Vaibhav: Investor should leave it to the better judgment of the fund manager and I've seen over the last 20 years of my career, most of the investments in each of these themes come at the peak of performance cycle, and I can speak a few examples, in, 2000, the maximum amount of flows, came in tech companies, right.
That was the peak of the performance cycle. In 2007. Maximum amount of investment went into infra and real estate themes in the peak of the performance cycle. In 2013, the maximum amount of money got invested in the pharmaceutical cycle, now because seeing the maximum amount of investing, going into unlisted and tech places. And, I don't know whether it's too early, but it looks like some of these players who have become popular over the last couple of years, like to stay at home.
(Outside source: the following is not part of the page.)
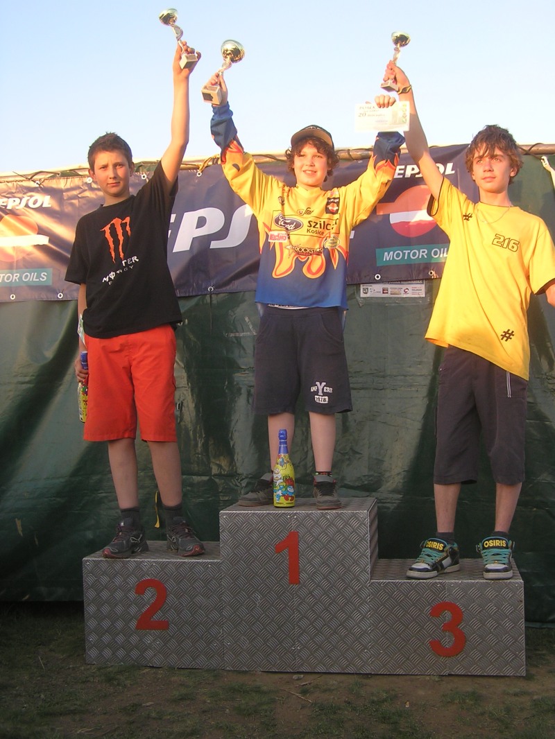 V nasledujúci víkend sme sa už zúčastnili na Medzinárodných majstrovstiev Maďarska v obci ÁCS. Na piesčitej trati sa nám celkom darí, aj preto sme sa chceli porovnať s Maďarskou konkurenciou. U našich susedou je kategória MX85 rozdelená podľa veku(ešte nedávno to fungovalo aj u nás) na jazdcov do 13rokov a do 15rokov. Po daždivej noci trať dostala poriadne zabrať. Na tréningoch to bolo dosť náročné, no v teplom počasí sa to rýchlo zlepšovalo. Nakoniec nám súčte bodov patrilo našej triede prekvapivo 3.miesto. Pevne veríme že sa nám aj naďalej bude tak dobre dariť a naše výkony sa budú len a len zlepšovať.

So you spoke about the company, which is into home fitness equipment. Have you seen results from Netflix also yesterday, the growth of subscribers is going down. So these are evidence that themes don't last for too long and it's hazardous for investors to invest money in themes because, by the time they hear about the theme, it's already way beyond, realizing its potential.
Sandeep: So I agree, themes don't last for long, great companies do, but analyzing great companies is not exciting. It's a boring activity. And sometimes it's a lot of detail, which you can't really put out on social media, which means that the fundamental analysis experts are finding it actually hard to gather attention from social media.
Because there's no narrative to sell, like, and it's early to decide whether the arc plays out because in the long run it might still do really well. But Kathy's whole narrative about innovative economy is a very seductive narrative. It's something that you can relate with. It's easy to understand for the brain, but at the same time, if you, the devil is always in the details.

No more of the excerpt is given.